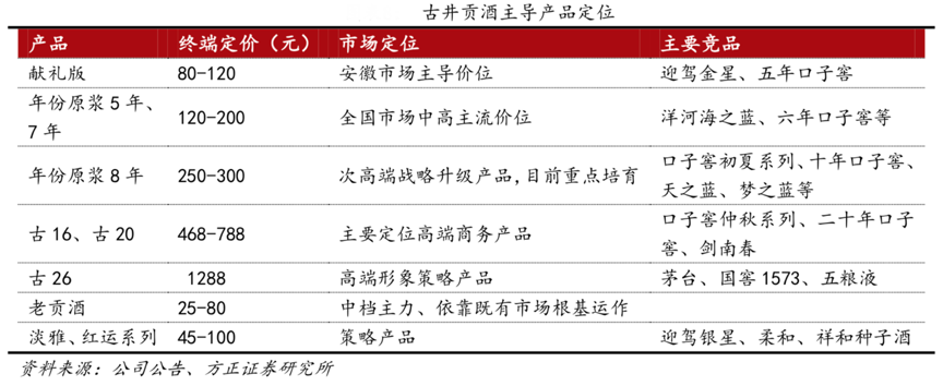 經(jīng)典案例:根據(jù)公司公告、方正證券研究所等綜合資訊表明,古井貢酒強(qiáng)品牌主導(dǎo)各產(chǎn)品定位有所不同,年份原漿自2008年推出后,即取得了超常規(guī)的成長業(yè)績,在銷售結(jié)構(gòu)中占比不斷提高,帶動利潤大幅增長。截止2019年底,其“年份原漿”系列營收占比達(dá) 85%左右,其中古 8 及以上占比超過25%。
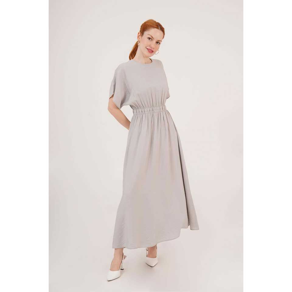 Wholesale Grey Batwing Sleeve Maxi Dress Elastic Waist Elegant Vintage Floral Pattern One Fits All for Spring Autumn Day Party
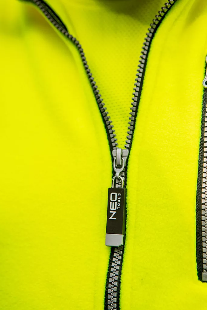 NEO láthatósági polár munkadzseki intenzív láthatóságú. A viselője biztonságát növelő praktikus megoldás, legyen szó nappali világítási körülményekről vagy sötétben, mesterséges világításnál, pl. a gépkocsik lámpáinak fényében. A 280g/m2 grammatúrájú könnyű, kényelmes és meleg polár biztosítja a használat maximális komfortját az alacsonyabb hőmérsékleteken. A dzseki3 nagyméretű cipzározható zsebbel rendelkezik. A termék EN ISO 13688:2013 szabvány szerinti kivitelezése és az európai tanúsítványa minőségének garanciája. Az európai biztonsági standardoknak való megfelelőséget a CE tanúsítvány biztosítja. A NEO márka a professzionális igényeket is kielégíti.
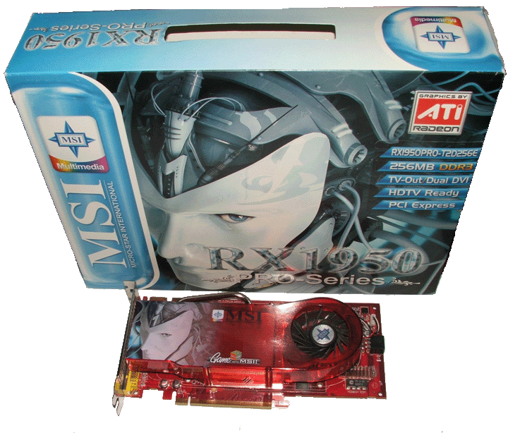 MSI RX1950 PRO-T2D256E : La caractéristique principale de cette carte est le ventirad made in MSI. En effet , à l’instar des anciens ATI Silencer, la carte est double slot et expulse l’air chaud hors du châssis, dans un silence très agréable. Seul le ventilateur émet un bruit de rotation qui se perçoit et qui est assez pénible, bien qu’il soit trés faible dés lors que l’on tend l’oreille. Dans le cadre d’une configuration silencieuse, il peut être le maillon faible. Le RV570 a besoin de Watts, aussi cette carte a besoin d’être épaulée par une alimentation supplémentaire comme ses consoeurs. Je remercie également PYDIDI, le célèbre rappeur de Baillargues pour le prêt de cette carte (merci mon poulet !).

○ ○ ○ ○ ○ ○ ○

Prompt: How would the lines above read from the one with "Wholesale Grey Batwing" to the one with "NEO láthatósági polár", inclusive, with no pictures? Write them out exactly.

Expected output:
 Wholesale Grey Batwing Sleeve Maxi Dress Elastic Waist Elegant Vintage Floral Pattern One Fits All for Spring Autumn Day Party
 NEO láthatósági polár munkadzseki intenzív láthatóságú. A viselője biztonságát növelő praktikus megoldás, legyen szó nappali világítási körülményekről vagy sötétben, mesterséges világításnál, pl. a gépkocsik lámpáinak fényében. A 280g/m2 grammatúrájú könnyű, kényelmes és meleg polár biztosítja a használat maximális komfortját az alacsonyabb hőmérsékleteken. A dzseki3 nagyméretű cipzározható zsebbel rendelkezik. A termék EN ISO 13688:2013 szabvány szerinti kivitelezése és az európai tanúsítványa minőségének garanciája. Az európai biztonsági standardoknak való megfelelőséget a CE tanúsítvány biztosítja. A NEO márka a professzionális igényeket is kielégíti.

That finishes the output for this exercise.